See the sample Project at this point in this commit.

Render an HTML report

Finally, we'll use rmarkdown::render() to generate an HTML report. If we think narrowly, we might say that the HTML report depends only on its Markdown predecessor, which would lead to a rule like this:

report.html: report.md
    Rscript -e 'rmarkdown::render("$<")'

But we really shouldn't hard-wire statements about word length in Markdown; we should use inline R code to compute that from the word length table. Similarly, if the plotted histogram were to change, we'd need to remake the HTML report. Here is a better rule that captures all of these dependencies:

report.html: report.rmd histogram.tsv histogram.png
    Rscript -e 'rmarkdown::render("$<")'

Create the R Markdown file report.rmd that reads the table of word lengths histogram.tsv, reports the most common word length, and displays the pre-made histogram histogram.png. Here's one solution, but try not to peek until you've attempted this task yourself.

Suggested workflow:

  • Develop report.rmd, running the R chunks often, from a clean workspace and fresh R session.
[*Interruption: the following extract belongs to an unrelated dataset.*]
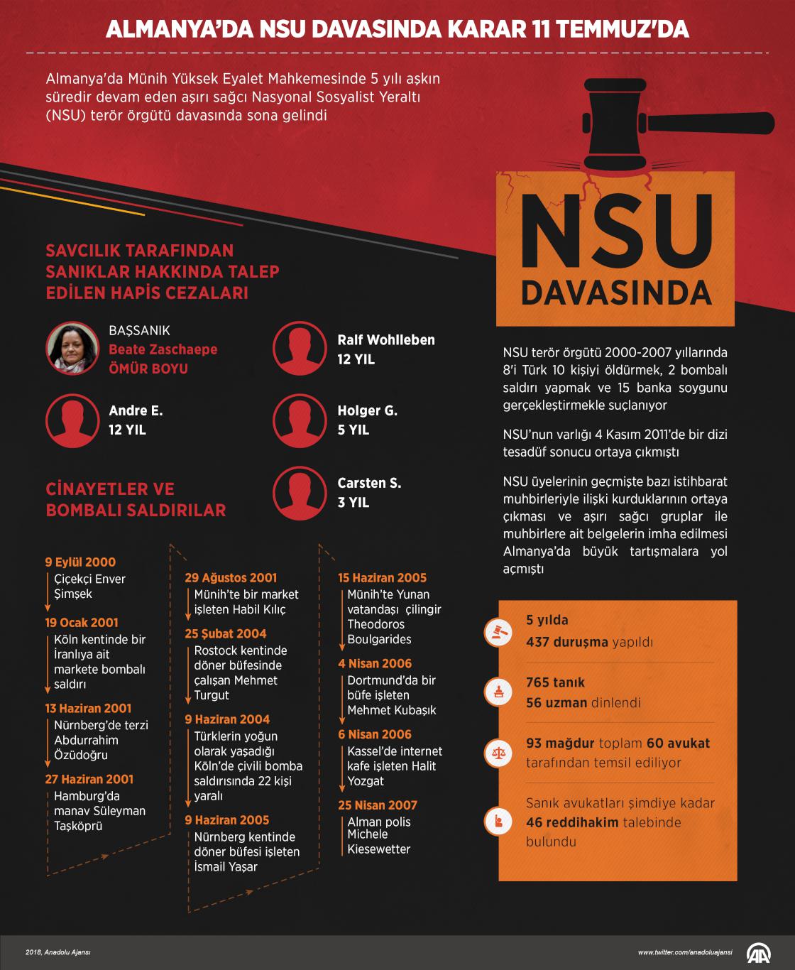 Almanya'da Münih Yüksek Eyalet Mahkemesinde 5 yılı aşkın süredir devam eden aşırı sağcı Nasyonal Sosyalist Yeraltı (NSU) terör örgütü davasında sona gelindi. NSU terör örgütü, 2000-2007 yıllarında 8'i Türk 10 kişiyi öldürmek, 2 bombalı saldırı düzenlemek ve 15 banka soygunu yapmakla suçlanıyor.

Debugging only gets harder once you're rendering entire reports at arm's length via make!
  • Render the report using rmarkdown::render() in the Console or RStudio's Preview HTML button.
  • Clean up after yourself.
  • Add the above rule for report.html to your Makefile.
  • Test that new rule works.
  • Update the all and clean targets in light of this addition to the pipeline.
  • Test the new definitions of all and clean.
  • Git folks: commit.

See the sample Project at this point in this commit.

The Final Makefile

At this point, your Makefile should look something like this:

all: report.html

clean:
    rm -f words.txt histogram.tsv histogram.png report.md report.html

words.txt: /usr/share/dict/words
    cp /usr/share/dict/words words.txt

histogram.tsv: histogram.r words.txt
    Rscript $<

histogram.png: histogram.tsv
    Rscript -e 'library(ggplot2); qplot(Length, Freq, data=read.delim("$<")); ggsave("$@")'
    rm Rplots.pdf

report.html: report.rmd histogram.tsv histogram.png
    Rscript -e 'rmarkdown::render("$<")'

Remember, you can review the entire activity via the commit history of the sample Project: https://github.com/STAT545-UBC/make-activity.
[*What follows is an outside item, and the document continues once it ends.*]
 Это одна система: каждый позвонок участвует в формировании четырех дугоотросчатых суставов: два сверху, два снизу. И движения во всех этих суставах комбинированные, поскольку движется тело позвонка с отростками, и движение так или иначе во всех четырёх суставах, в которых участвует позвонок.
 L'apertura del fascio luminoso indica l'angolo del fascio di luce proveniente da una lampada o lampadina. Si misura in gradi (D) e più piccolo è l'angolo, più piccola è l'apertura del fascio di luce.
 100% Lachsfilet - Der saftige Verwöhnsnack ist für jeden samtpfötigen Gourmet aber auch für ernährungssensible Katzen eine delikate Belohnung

And that's how a data analytical pipeline gets built using make, the shell, R, RStudio, and optionally Git.

Appendix

Here are some additions you might like to include in your Makefile:

.PHONY: all clean
.DELETE_ON_ERROR:
.SECONDARY:

The .PHONY line is where you declare which targets are phony, i.e. are not actual files to be made in the literal sense. It's a good idea to explicitly tell make which targets are phony, instead of letting it try to deduce this. make can get confused if you create a file that has the same name as a phony target. If for example you create a directory named clean to hold your clean data and run make clean, then make will report 'clean' is up to date, because a directory with that name already exists.
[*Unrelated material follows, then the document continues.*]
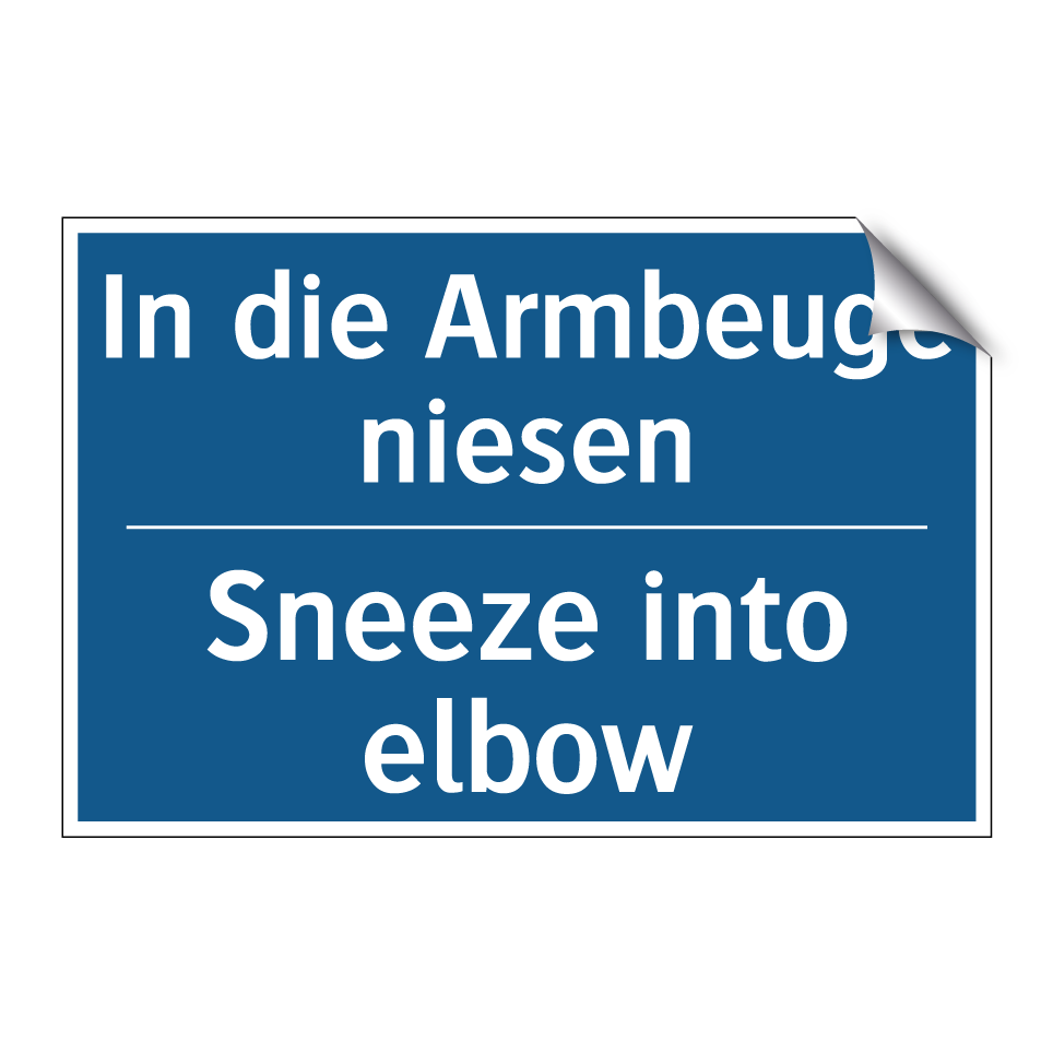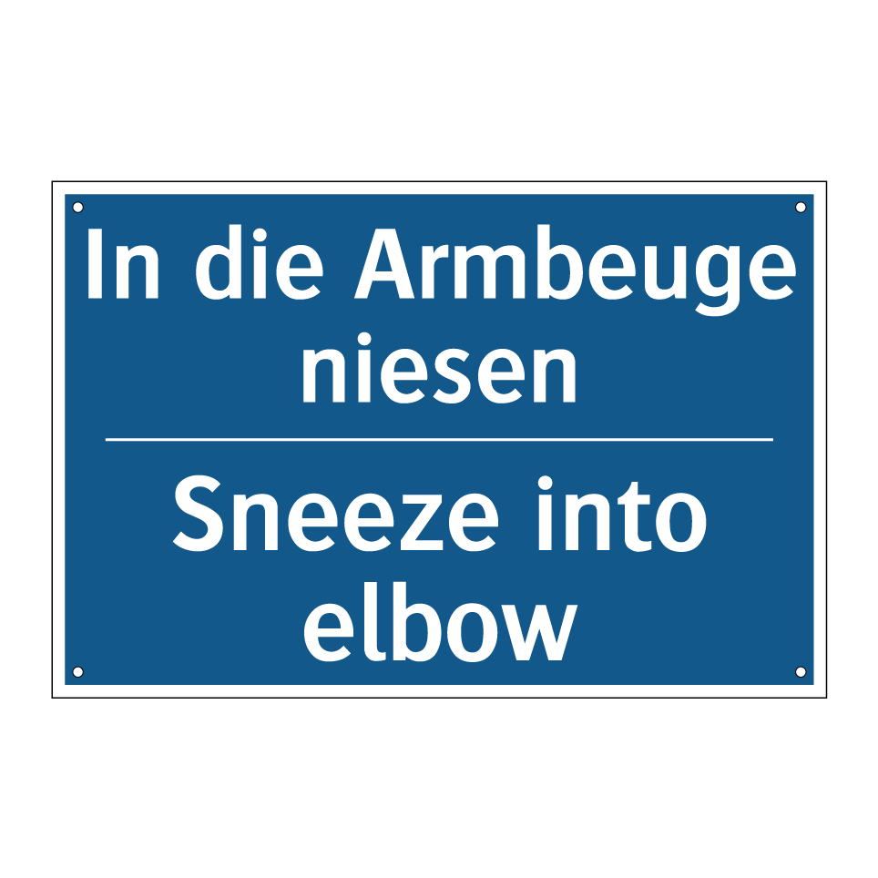 Zweisprachiges Verbotsschild mit deutschem Text In die Armbeuge niesen und englischem Text Sneeze into elbow

.DELETE_ON_ERROR causes make to "delete the target of a rule if it has changed and its recipe exits with a nonzero exit status". In English, this means that -- if a rule starts to run but then exits due to error -- any outputs written in the course of that fiasco will be deleted. This can protect you from having half-baked, erroneous files lying around that will just confuse you later.

.SECONDARY tells make not to delete intermediate files of a chain of pattern rules. Consider creating a Makefile with two pattern rules, %.md: %.rmd and %.html: %.md, and then running make report.html. After make has created report.md and report.html, it will delete the intermediate file report.md. Adding .SECONDARY to your Makefile prevents the intermediate file from being deleted.